El futuro de Paulo Dybala vuelve a entrar en una zona gris, como recoge hoy Filippo Biafora, de Il Tempo. El atacante argentino atraviesa semanas de incertidumbre mientras espera una conversación definitiva con la directiva de la Roma, en un escenario que recuerda mucho a lo vivido durante su salida de la Juventus hace cuatro años: silencio institucional, rumores constantes y una decisión que parece aplazarse hasta el último minuto.
Aunque el nombre de Dybala sigue despertando interés en varios mercados, la realidad es que, por ahora, las propuestas concretas son escasas. El club que más ilusión genera alrededor del jugador es Boca Juniors. En Argentina sueñan con ver a la “Joya” en La Bombonera y tanto su círculo más cercano como algunos compatriotas estarían empujando para facilitar el regreso. La influencia de Leandro Paredes y de su pareja, Oriana Sabatini, alimenta todavía más esa posibilidad emocional.
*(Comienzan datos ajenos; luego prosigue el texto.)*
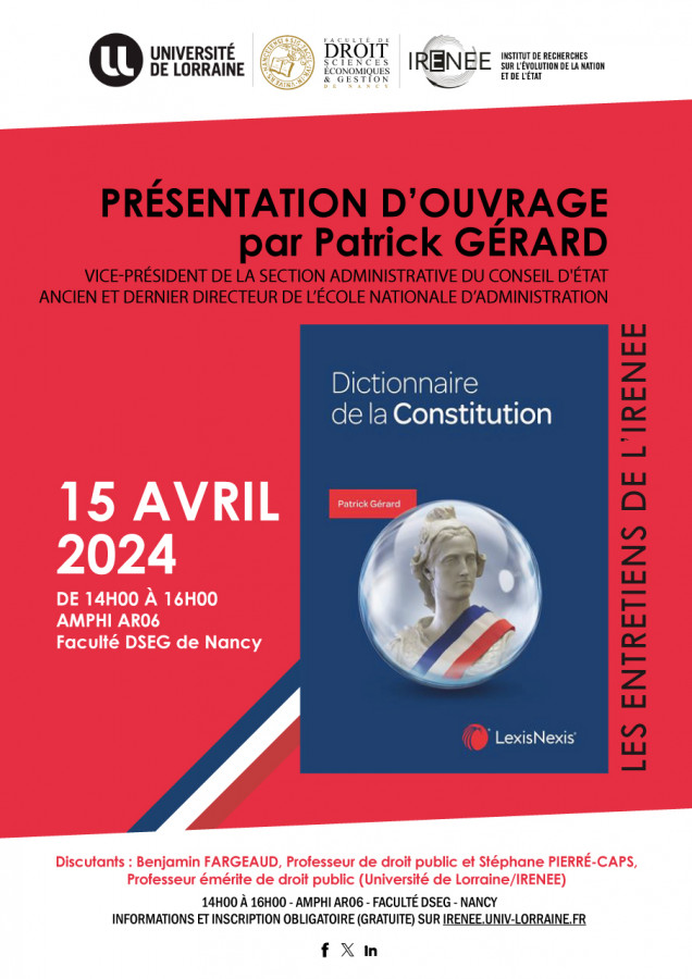 Conférence organisée dans le cadre des "Entretiens de l'IRENEE" sous la dir. scientifique de Benjamin Fargeaud, Professeur de droit public, Université de Lorraine/IRENEE

Sin embargo, el principal obstáculo es económico. La propuesta que maneja Boca está muy lejos de las cifras que actualmente percibe el futbolista en Europa, algo que convierte la operación en una apuesta más sentimental que deportiva o financiera. Dybala valora el cariño del club argentino, pero también sabe que aún puede competir al máximo nivel en el fútbol europeo.
Mientras tanto, desde Brasil apareció otro actor inesperado. Flamengo ha mantenido algunos contactos exploratorios para conocer la situación del delantero. El conjunto carioca sigue atento a oportunidades de mercado para reforzar su plantilla con estrellas internacionales, aunque por ahora las conversaciones no han pasado de una primera toma de contacto.
La sensación es que el tiempo corre, pero las certezas todavía no llegan. En Roma no terminan de aclarar cuál será el papel de Dybala en el nuevo proyecto, Boca espera un gesto del jugador y Flamengo permanece al acecho. Y en medio de todo, la “Joya” vuelve a encontrarse ante una decisión que puede marcar el último gran capítulo de su carrera.